Van de das, de fiets en het belletje.


Ik was al in slaap maar door de gepijnigde stem van mijn man had ik meteen rechtop in bed gezeten.  Met een buil op zijn hoofd en takjes in zijn haar stond hij me midden in de nacht bibberend aan te kijken. Vanaf een feestje in Groningen was hij door de bossen naar ons huisje gefietst. Bij het pad van de Vijftig bunder was er uit het niets een das overgerend. Deze had hij niet kunnen ontwijken en hij was over de kop gevlogen. De das was aangedaan het bos in geschoten. Ontzet keek ik hem aan. Een koud washandje op de buil verlichtte en we beseften beiden dat er een engeltje op zijn schouders had gezeten. 

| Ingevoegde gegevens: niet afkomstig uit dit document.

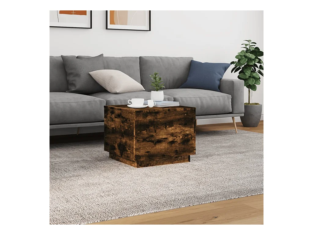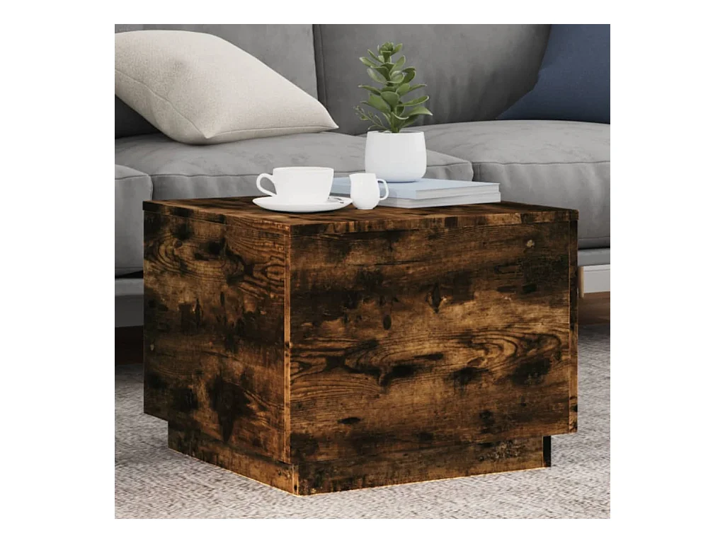 Mesa de centro com luzes LED 50x50x40 cm carvalho fumado PT886535
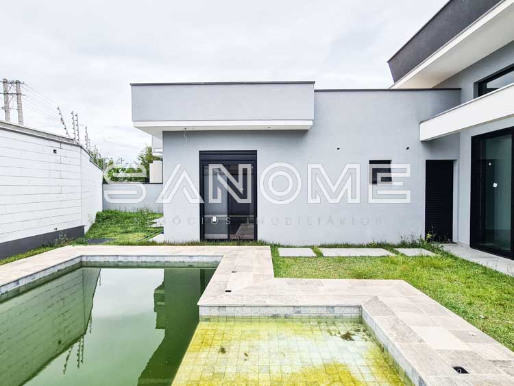 Térrea, 4 suítes (suíte máster com closet), Salas integradas com pé direito duplo, Lavabo, Escritório, Cozinha gourmet integrada com salas e quintal, Quarto de depósito, Área de serviço, Banheiro externo e Quintal com piscina.
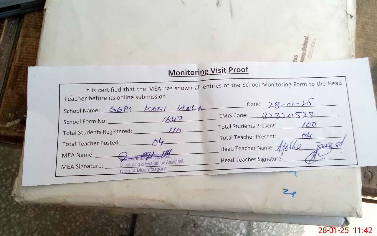 | EMIS Code: 32320523 | Name of School: GGPS KANI WALA | |||
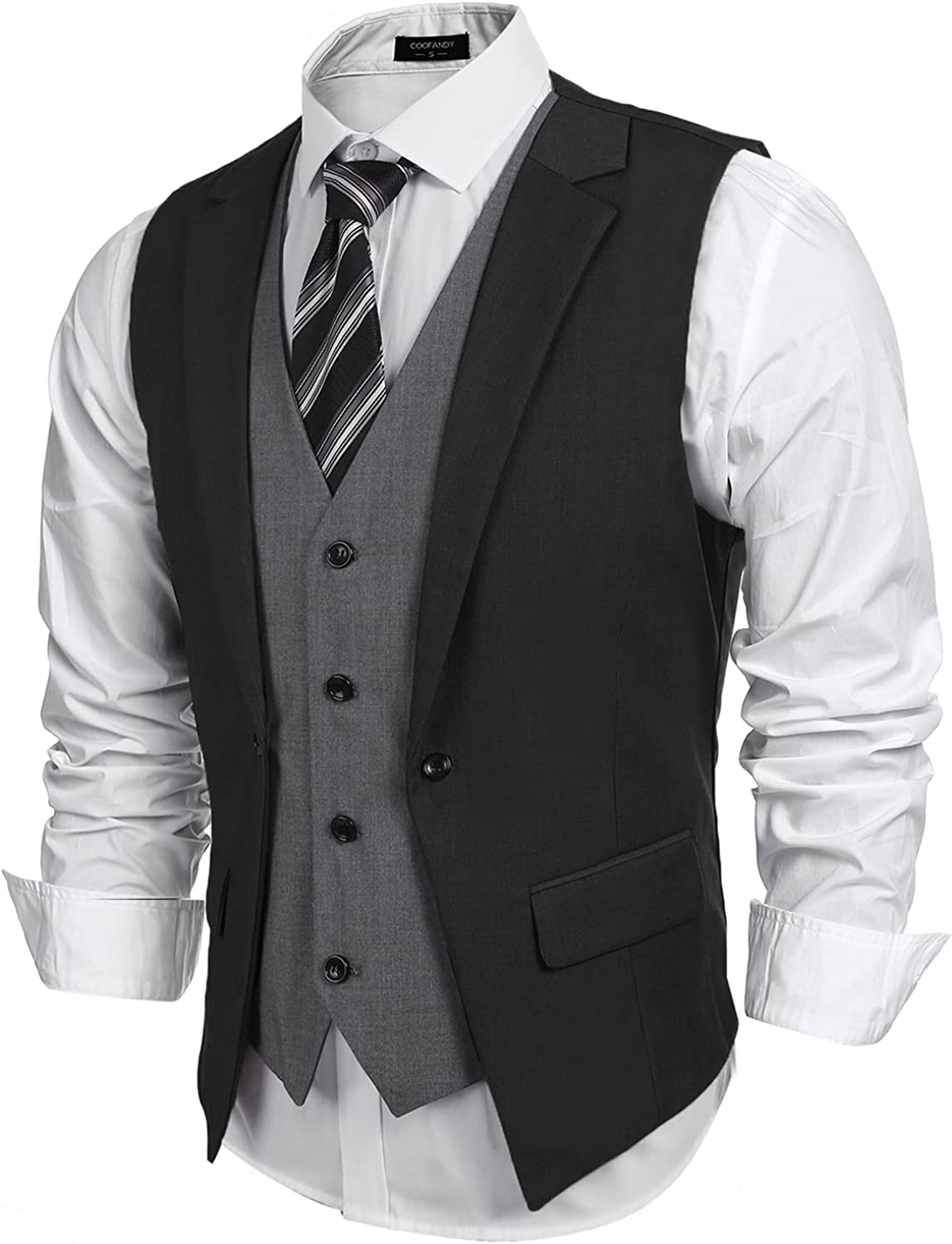 - FORMAL OR DAILY WEAR - Men's V-neck sleeveless layered suit vest can match with your necktie, bow-tie, leather shoes shirt, jacket, suit or tuxedo for a handsome and elegant look in formal occasions like Wedding Banquet, Halloween Party, Company Party or just match with slacks or jeans for a great look in daily life.
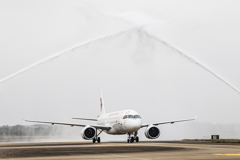 1月2日,海口美兰国际机场为国产大飞机C919举行“过水门”仪式。(图片来源:新华社)
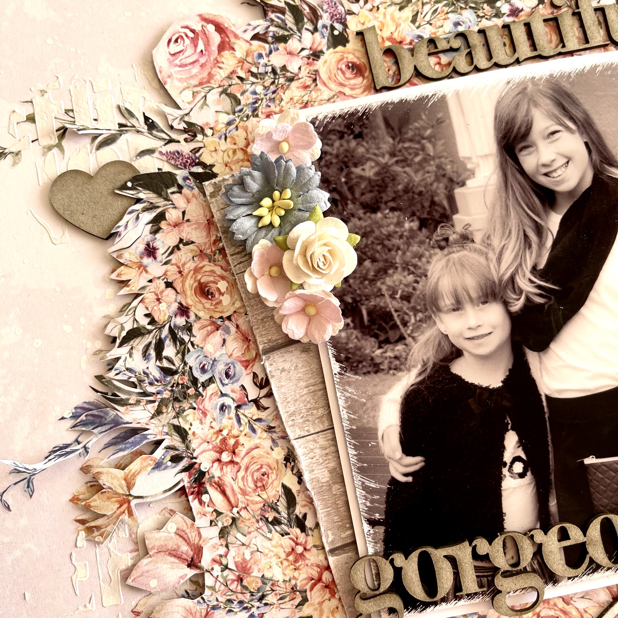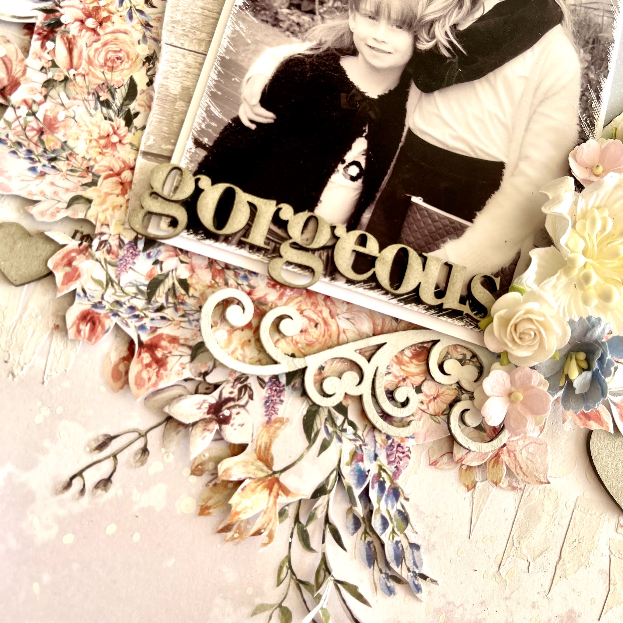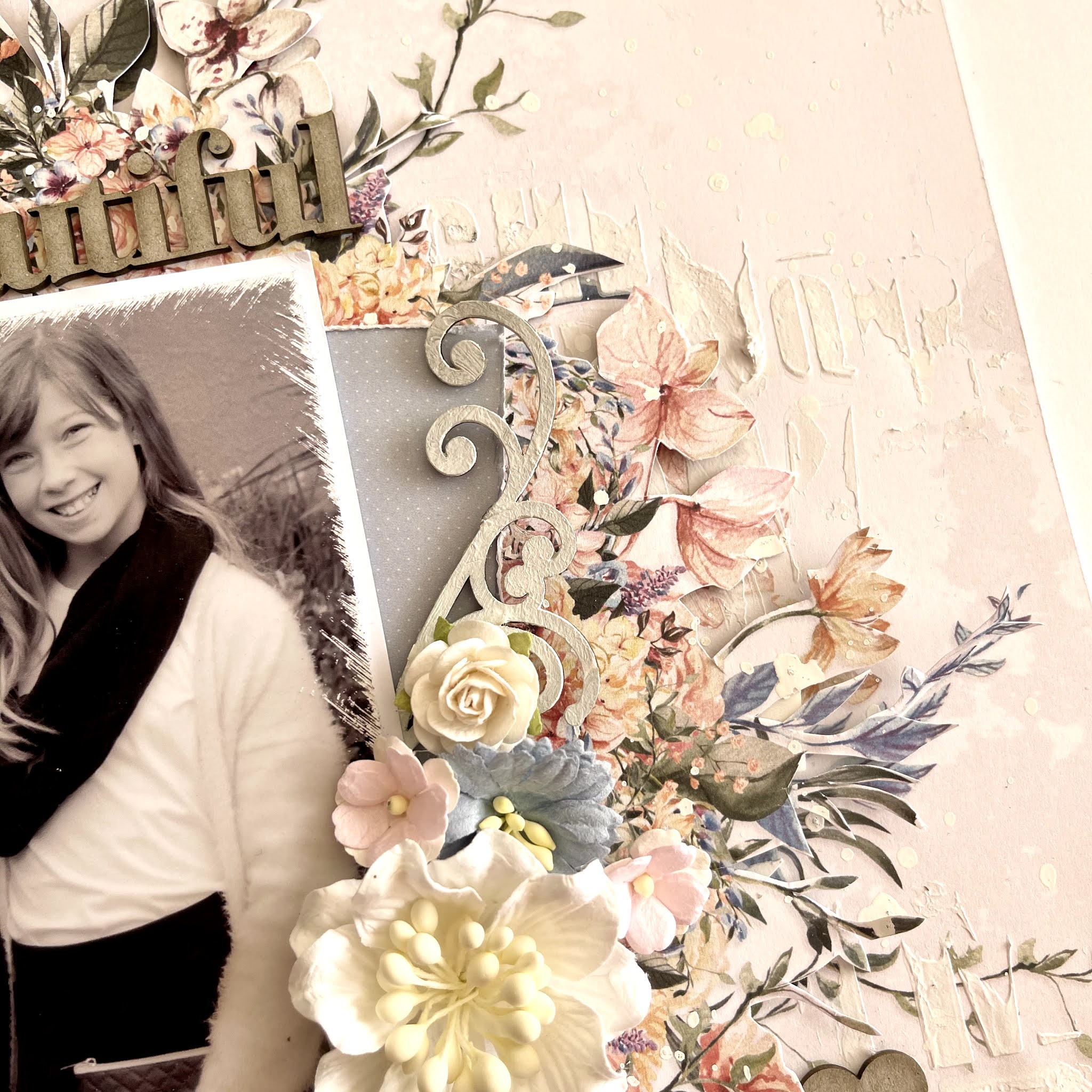 Paper Rose Flourishes 1, Big Gorgeous Beautiful & Block Girl Titles Chipboard
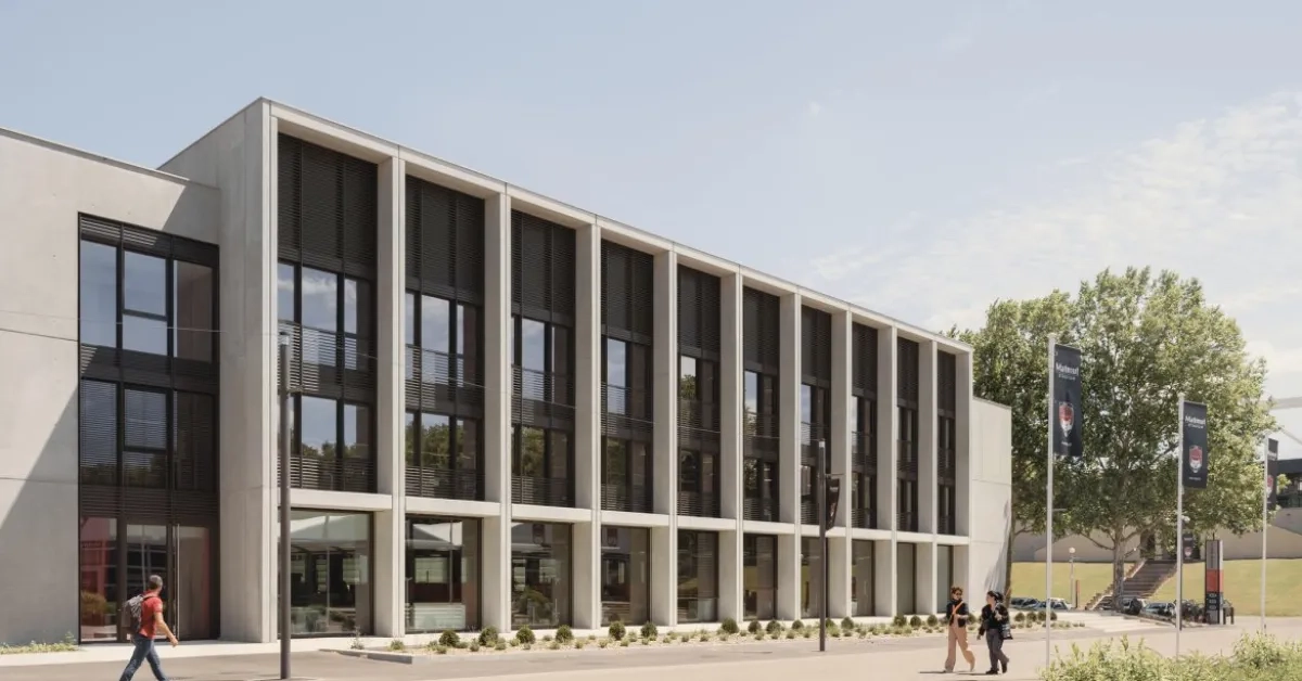 L’intégralité des portiques – poteaux, poutres, casquettes – et des loggias ont été préfabriqués contrairement aux murs pignons et refends coulés en place. Dans les extensions, les éléments de structure en béton sont associés à des poutres métalliques qui franchissent les portées : un choix dicté par l’urgence du chantier qui n’a duré que 22 mois. Toujours dans cette recherche d’une simplicité apparente et d’une cohérence du bâti, le béton est d’une même teinte gris claire quelle que soit sa mise en œuvre, il fait le lien entre l’ancien et le nouveau, l’histoire et le contemporain.
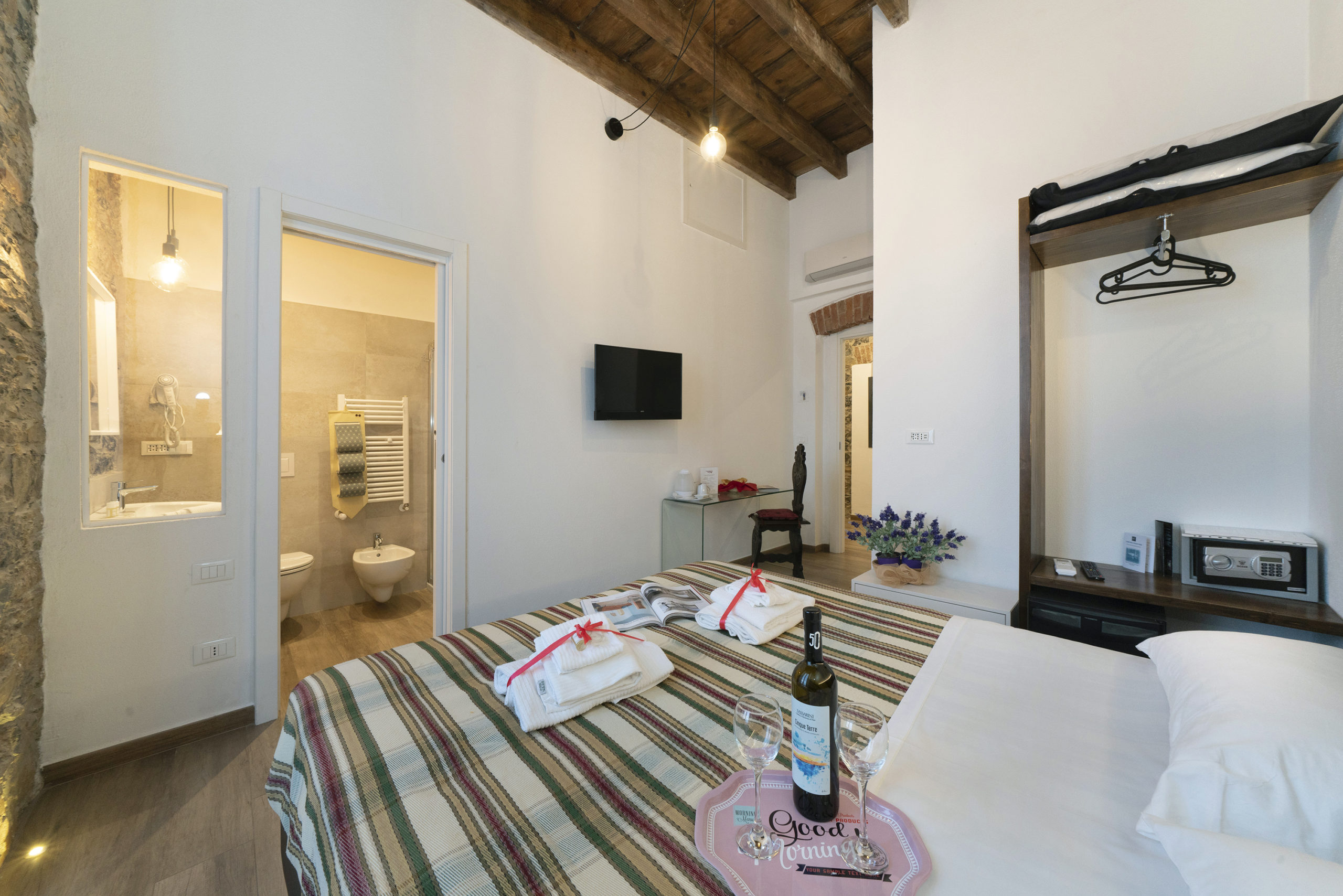 Camera Deluxe con letto Queen size e doccia con punto luce cromoterapia, particolarmente luminosa, indicata per coppie, con vista città su palazzi storici e colline.
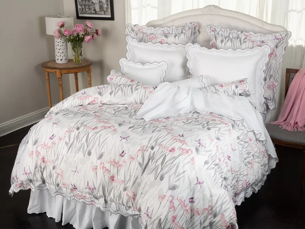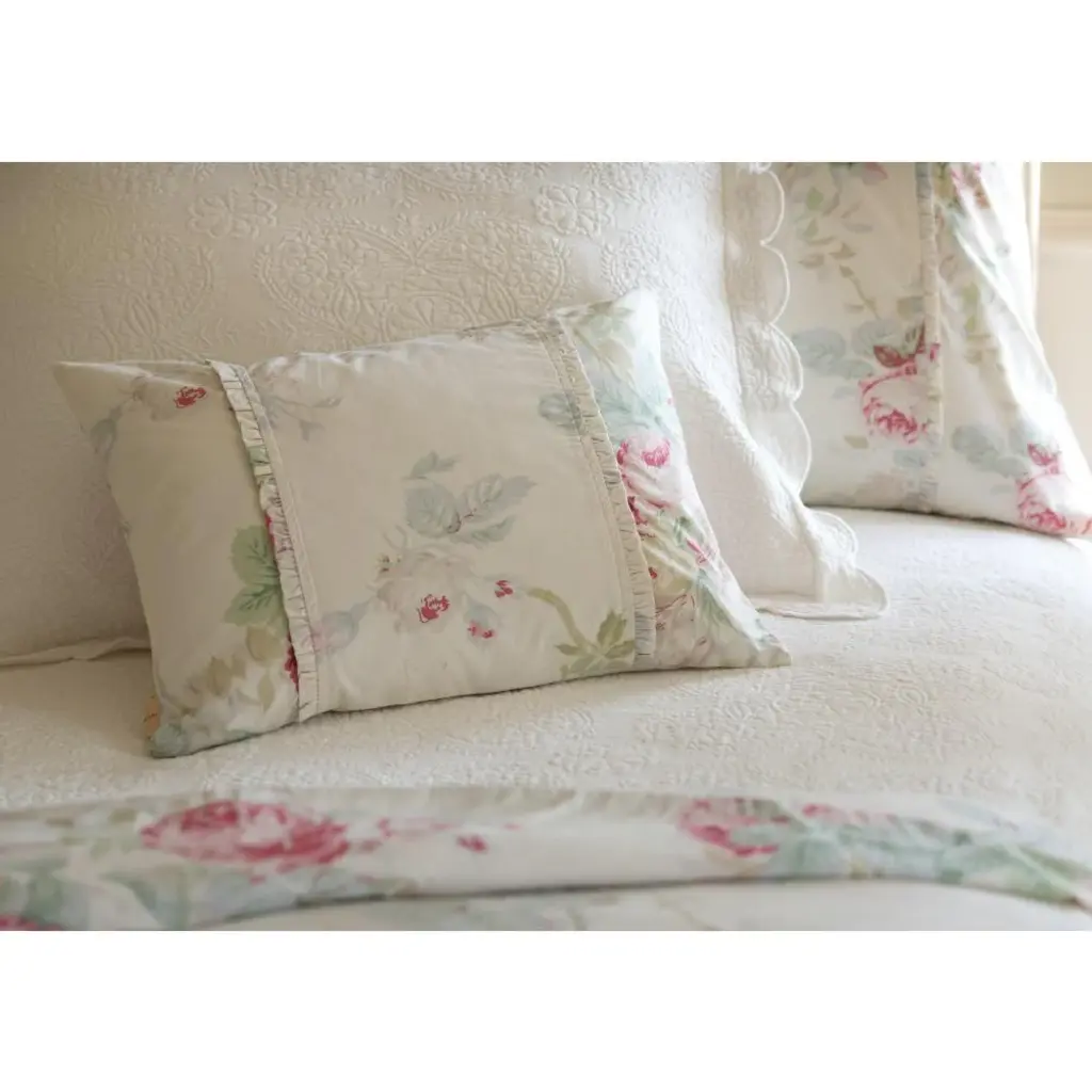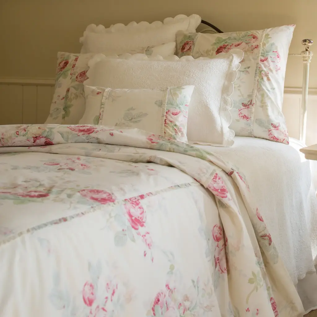 Charming shabby chic cabbage roses are scattered over a soothing cream background on an exceptionally soft Shore Rose duvet and shams. duvet sizes: (king) 104″ wide x 90″ long / (queen) 90" wide x 90″ long / (twin) 68″ wide x 86″ long standard sham: 27" wide x 21" high king sham,100% white feather/down: 35" wide x 23" high euro sham: 26" square boudoir pillow,100% white feather/down: 18" wide x 13" high porch pillow,100% white feather/down: 21" square 100% cotton
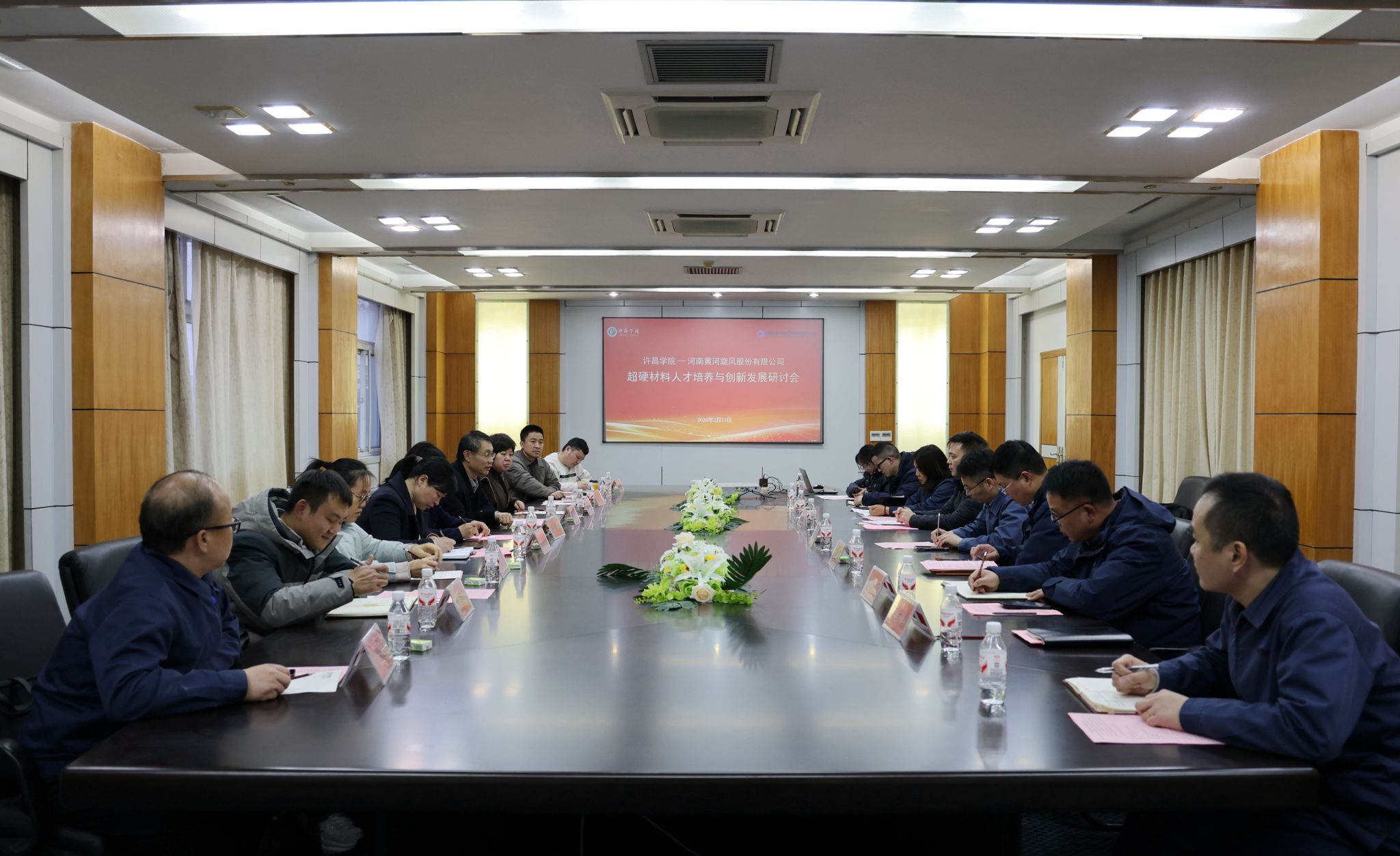 2月11日,由许昌学院和河南黄河旋风股份有限公司联合举办的超硬材料人才培养与创新发展研讨会在黄河旋风举行。我校校长、中原学者郑直教授,黄河旋风总经理庞文龙、副总经理兼研发中心主任武玺旺,我校新闻中心、教务处、化工与材料学院等单位相关负责人,超硬材料领域骨干教师,以及黄河旋风公司相关部门负责人等参加研讨会。

Om van de schrik te bekomen bleven we nog even zitten in het holst van de nacht. Een bosuil liet haar kreten horen en ik zette een kopje kamillethee.  

‘Weet je eigenlijk wel dat op een vierkante kilometer bos voedsel is voor circa 10 kleine roofdieren zoals de bunzing, hermelijn, marter en wezel? En weet je wel dat deze allemaal in ons bos voorkomen?’ En of ik dat wist. In de afgelopen twintig jaar had ik ze allemaal wel eens voorbij zien komen. Deze kleine roofdieren eten muizen, vogels, kikkers en meer. ‘En wist je dat er in het bosje dat grenst aan 337 ooit een grote dassenburcht zat. Dat dat de reden is waarom er nog steeds een stuk bos het veld insteekt?’ Ik lachte een beetje schamper en zei: ‘Inmiddels hebben ze duidelijk hun intrek genomen in het bos van de vijftig bunder.’ De buil op zijn hoofd groeide met de minuut  en werd als een ei zo groot.                                                      

In het donker zag ik de reflecterende ogen oplichten van een kat. Dat lieve zachte, aaibare en snorrende dier is eigenlijk een roofdier. Je zou het als een uitheemse soort kunnen zien. Het is een dier dat ondanks dat hij of zij wordt gevoerd door mensen, zijn instincten niet kan beheersen. Overigens kan geen enkel dier of mens dat. Maar daardoor vangt hij of zij wel het voedsel van de kleine roofdiertjes die in het bos horen. 

Ik hou van poesen. Van hun zachte gesnor. De kopjes tegen mijn been en het ze volkomen ontspannen zien liggen in de zon. Maar ik wil ook niet dat de kringloop in ons bos wordt verstoord. Gelukkig is hier een hele simpele oplossing voor. Een belletje omdoen bij je zachte spinnende huisgenoot. Zo gehaald, niet duur en de biodiversiteit in het bos blijft zoals het bedoeld is. ‘Misschien moet ik jou ook een belletje omdoen.’ Zeg ik tegen mijn man. ‘Dan hoort de das je aankomen.’ Want die das, die doen we geen belletje om.